An illustration shows a hexagonal prism with the label Choosy Cheesy on the top surface. The height of the hexagonal prism is 8 centimeters. The two longer parallel sides of the hexagonal prism each measure 30 centimeters in length. One end of the prism is marked with a dashed line measuring 15 centimeters across, joining the two opposite vertices of the parallel edges, forming a triangular prism with a perpendicular measure of 8 centimeters.
A sample of gourmet cheeses came in this box. What is the volume of the box?
(1 point)
To find the volume of the box, we first need to find the volume of the hexagonal prism and then subtract the volume of the triangular prism at one end.
Volume of hexagonal prism = base area of the hexagon x height
Base area of the hexagon = (perimeter of hexagon x apothem) / 2
Perimeter of hexagon = 6 x side length
Perimeter of hexagon = 6 x 30 = 180 cm
Apothem of hexagon = side length / (2 x tan(π/6))

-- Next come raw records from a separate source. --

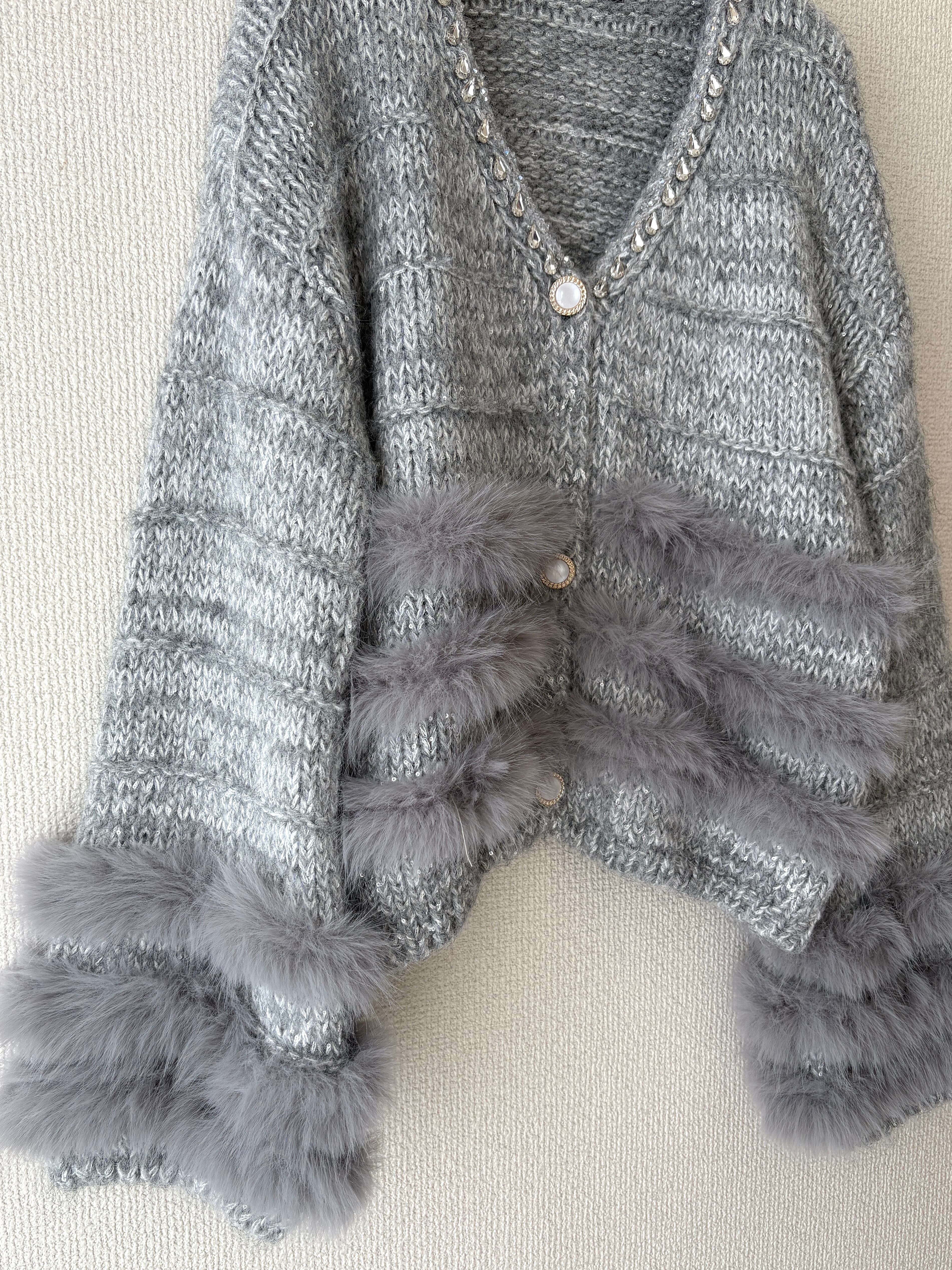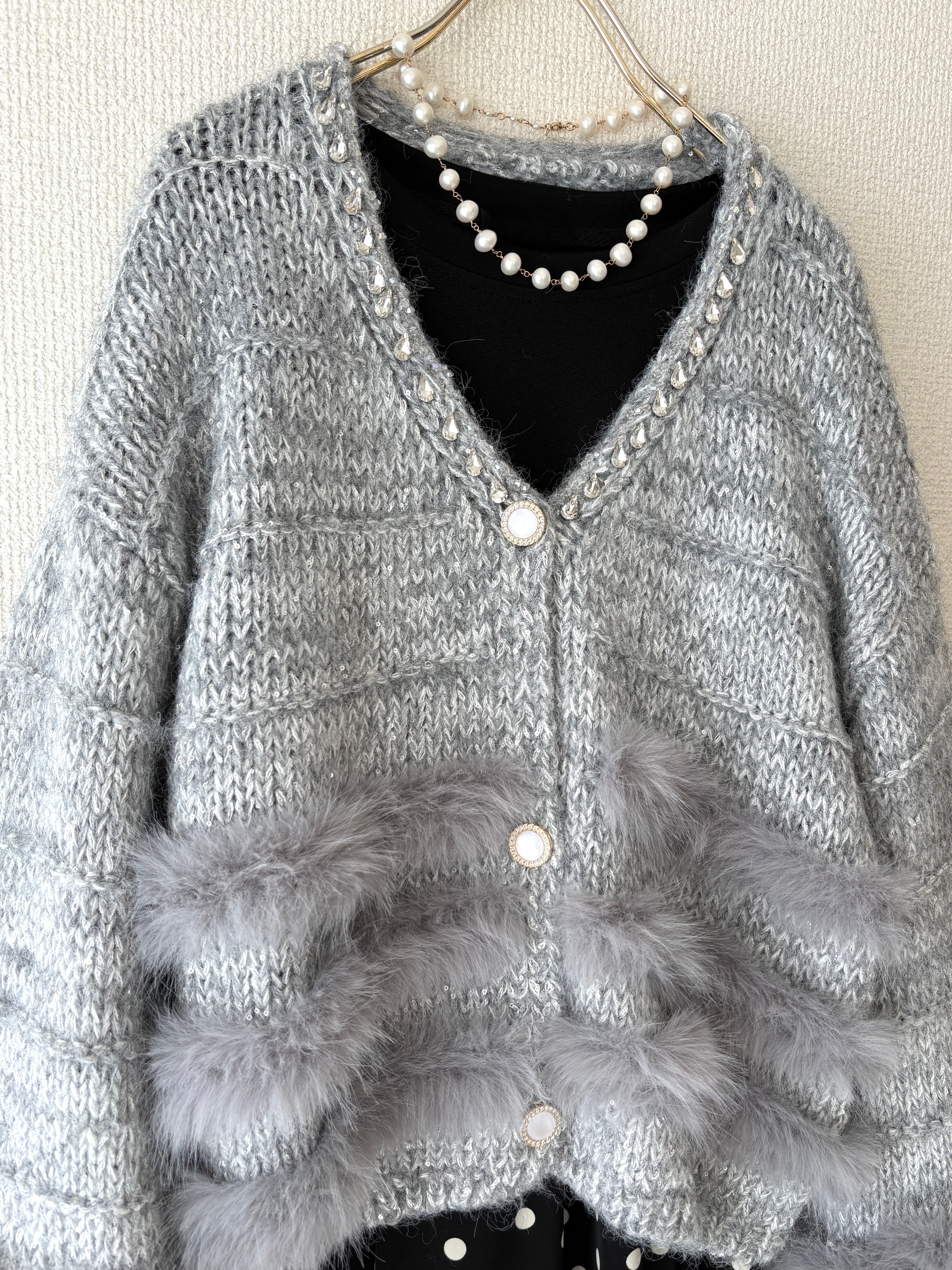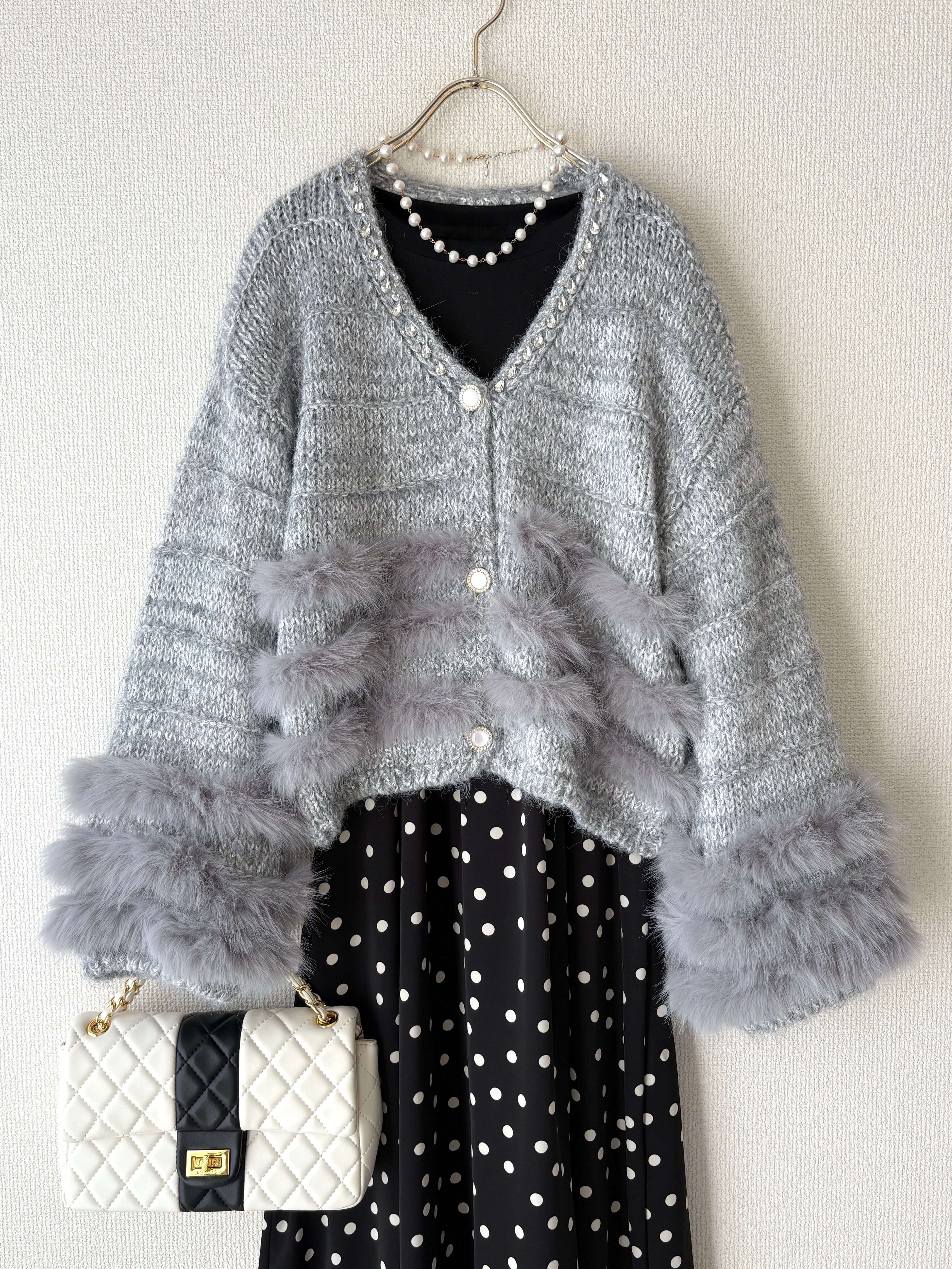 ラメ感のあるニットカーディガンです。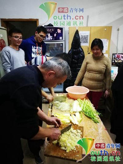 图为宿管叔叔剁馅为包饺子做准备。中国青年网通讯员 李蕙君 摄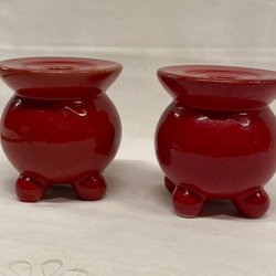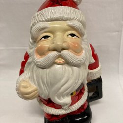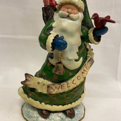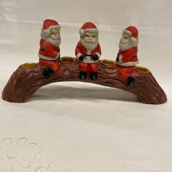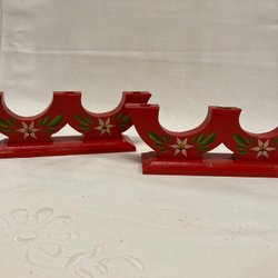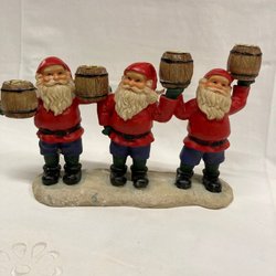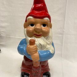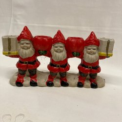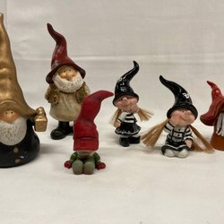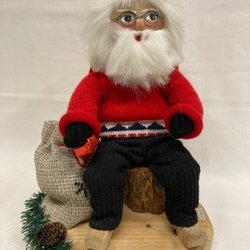 Dekorativ välgjord tomte med röd luva och grått stickat tyg på trästomme. 28 cm hög. Felfri.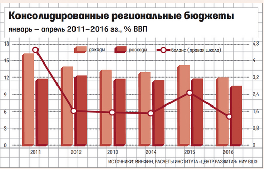 Из-за сокращения доходов все больше регионов сводят баланс с дефицитом уже в начале года, отмечает Чернявский. Профицитных регионов все меньше, беспокоится Счетная палата: в 2011 г. было 57 дефицитных и 26 профицитных, а 1 января 2016 г. – 76 и 9 соответственно. Суммарный профицит формируется в основном за счет нескольких регионов, получающих столичную или природную ренту, указывает Чернявский, и, несмотря на политику ограничения расходов, 38 регионов в январе – апреле не смогли свести бюджет с профицитом (в прошлом году таких регионов было 28).
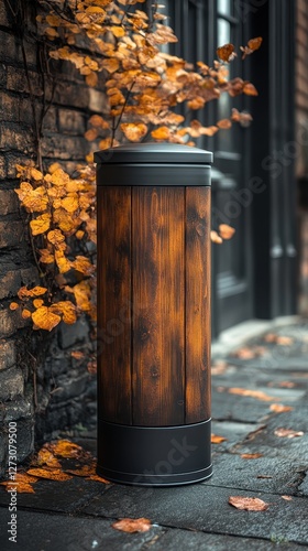 Fototapeta premium Modern Iron Garbage Bin, Black Trash Can on Street, Metal Waste Bin for Mix Trash and Non Recyclable Waste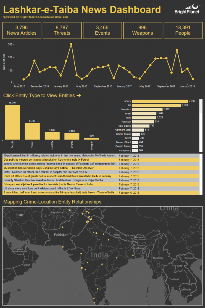 We recently received a request to analyze news focusing on Lashkar-e-Taiba, an active militant terrorism organization located in South Asia. This is a simple task by using BrightPlanet’s REST API to export data from the Global News Data Feed. The data load contains everything you need to perform a thorough analysis, including: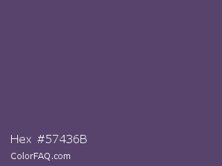 Hex #57436b Color is a normal violet color and the nearest color is Mulled Wine #4e4562. Hex code #57436b and RGB value is rgb(87,67,107). In RGB color space, this color is composed of 34% red, 26% green, 42% blue, In CMYK color space, this color is composed of 19% cyan, 37% magenta, 0% yellow , 58% black , In HSL color space, this color has a hue angle of 270° , 23% saturation and 34% lightness.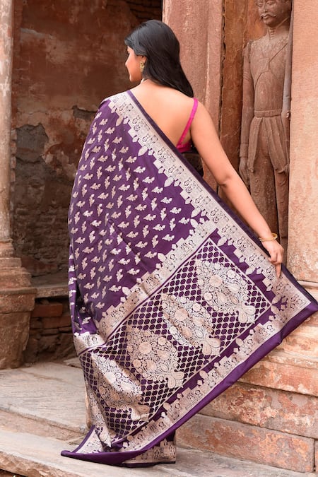 Buy_Naaritva India_Purple Zari Handwoven Work Banarasi Saree With Running Blouse _Online_at_Aza_Fashions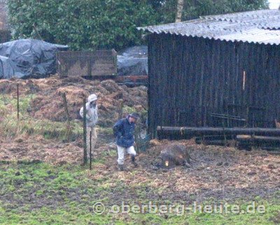 Hesselbach - Als ein Bauer heute gegen 16:00 Uhr seine gestürzte Kuh aus tiefen Schlamm und Mist retten wollte, brach das alte Tier erneut zusammen und begrub den Mann unter sich. Die alarmierten Rettungskräfte kamen nicht zum Einsatz, da sich der Bauer schließlich selbst befreien konnte. Der Kuh konnte nur noch durch die erlösende Spritze geholfen werden…(so-10.2.2005 17:25)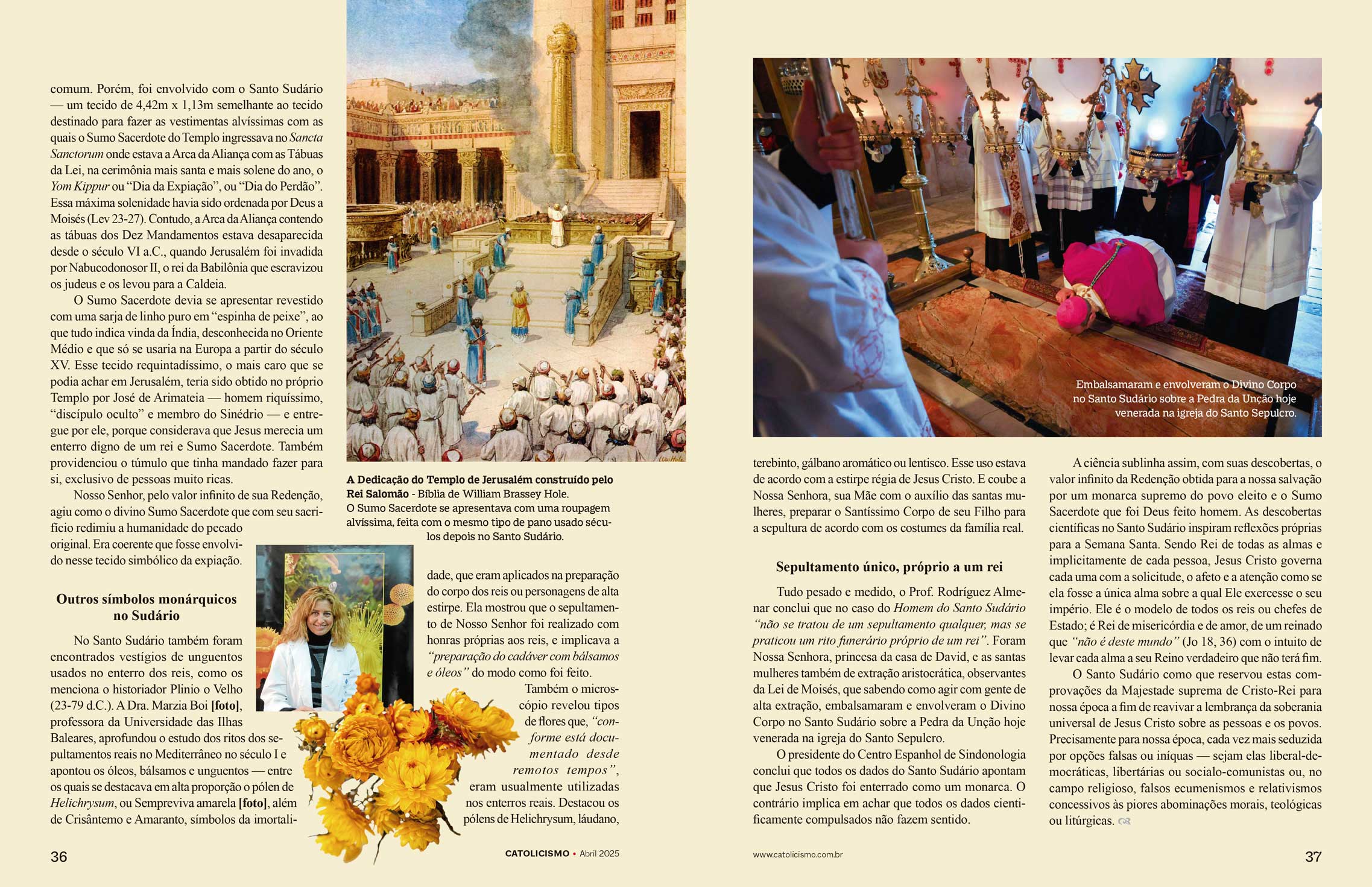 O presidente do Centro Espanhol de Sindonologia conclui que todos os dados do Santo Sudário apontam que Jesus Cristo foi enterrado como um monarca. O contrário implica em achar que todos os dados cientificamente compulsados não fazem sentido.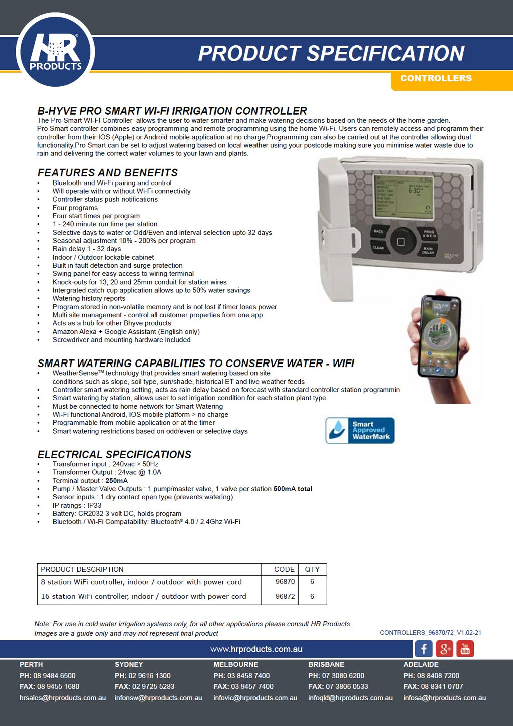 The Pro Smart Wi-Fi Controller allows the user to water smarter and make watering decisions based on the needs of the home garden. Pro Smart controller combines easy programming and remote programming using the home Wi-Fi. Users can remotely access and program their controller from either IOS (Apple) or Android mobile application at no charge. Programming can also be carried out at the controller allowing dual functionality. Pro Smart can be set to adjust watering based on local weather using your postcode making sure you minimise water waste due to rain and delivering the correct water volumes to your lawn and plants.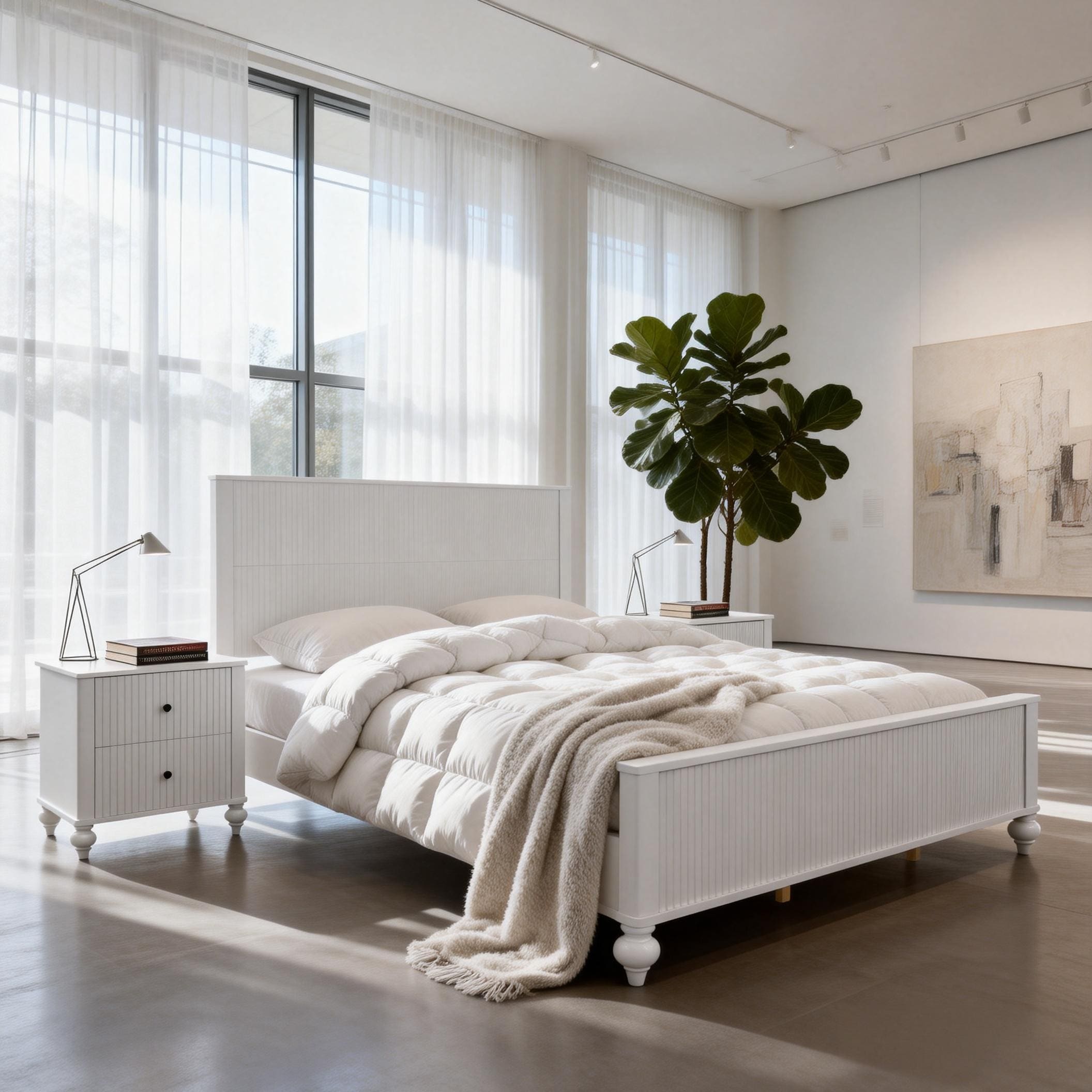 White Queen Bed with Transitional Style, Crisp Finish and Spacious Frame for Comfortable Bedroom Retreats and Decor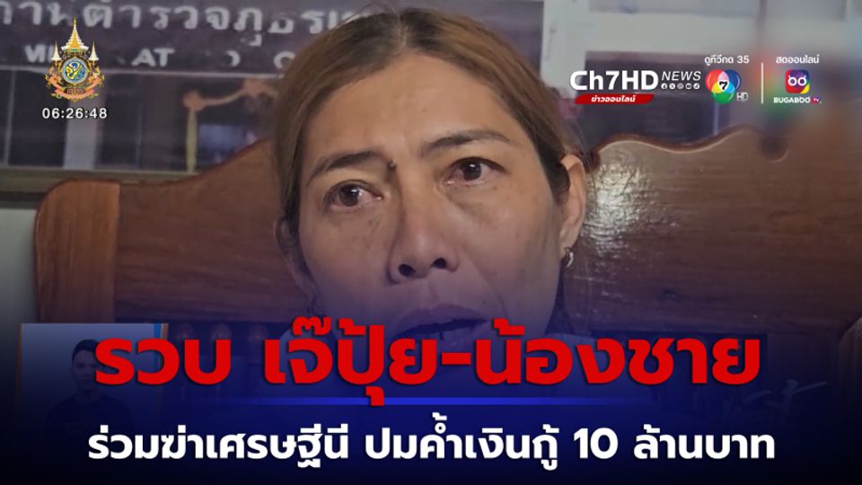 เช้านี้ที่หมอชิต - กรณี "เจ๊ม่วย" เศรษฐีนีเงินกู้ในจังหวัดจันทบุรี ถูกฆ่าทิ้งสระน้ำล่าสุดเมื่อวานนี้ ตำรวจตามจับ "เจ๊ปุ้ย" ผู้ต้องสงสัยได้แล้วขณะอยู่ชายแดนไทย-ลาว อ้างไปปฏิบัติธรรม เจ้าตัวซัดทอดว่าน้องชายเป็นคนลงมือฆ่า จากปมถูกทวงเงินค่าค้ำประกันเงินกู้นับ 10 ล้านบาท แต่น้องชายบอกว่า เจ๊ปุ้ย นั่นแหละคือมือฆ่าเจ๊ม่วย
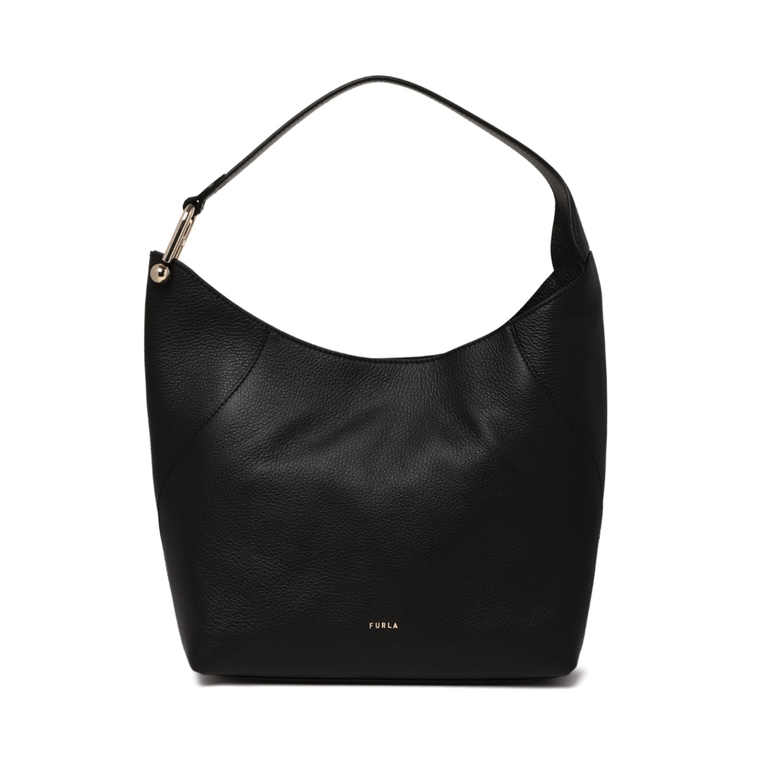 Furla Black Lara Shoulder Bag M. Black hobo bag crafted from premium hammered leather with a rich, natural feel, it's embellished with the iconic metal Arco sphere logo on the shoulder strap. The bag is spacious enough to hold your essentials.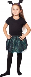 Varázslatos átváltozás a könnyű, csillogó tüllszoknyával és a stílusos, denevérszárnyas fejpánttal. A szett tökéletes Halloweenre, farsangra, iskolai műsorokra és tematikus bulikra.

Apothem of hexagon = 30 / (2 x tan(π/6)) ≈ 15.39 cm
Base area of hexagon = (180 x 15.39) / 2 ≈ 1385.1 cm^2
Volume of hexagonal prism = 1385.1 cm^2 x 8 cm = 11080.8 cm^3
Volume of triangular prism = base area of the base triangle x height
Base area of the base triangle = (15 x 8) / 2 = 60 cm^2
Volume of triangular prism = 60 cm^2 x 8 cm = 480 cm^3
Volume of box = Volume of hexagonal prism - Volume of triangular prism
Volume of box = 11080.8 cm^3 - 480 cm^3 = 10600.8 cm^3
Therefore, the volume of the box is 10600.8 cubic centimeters.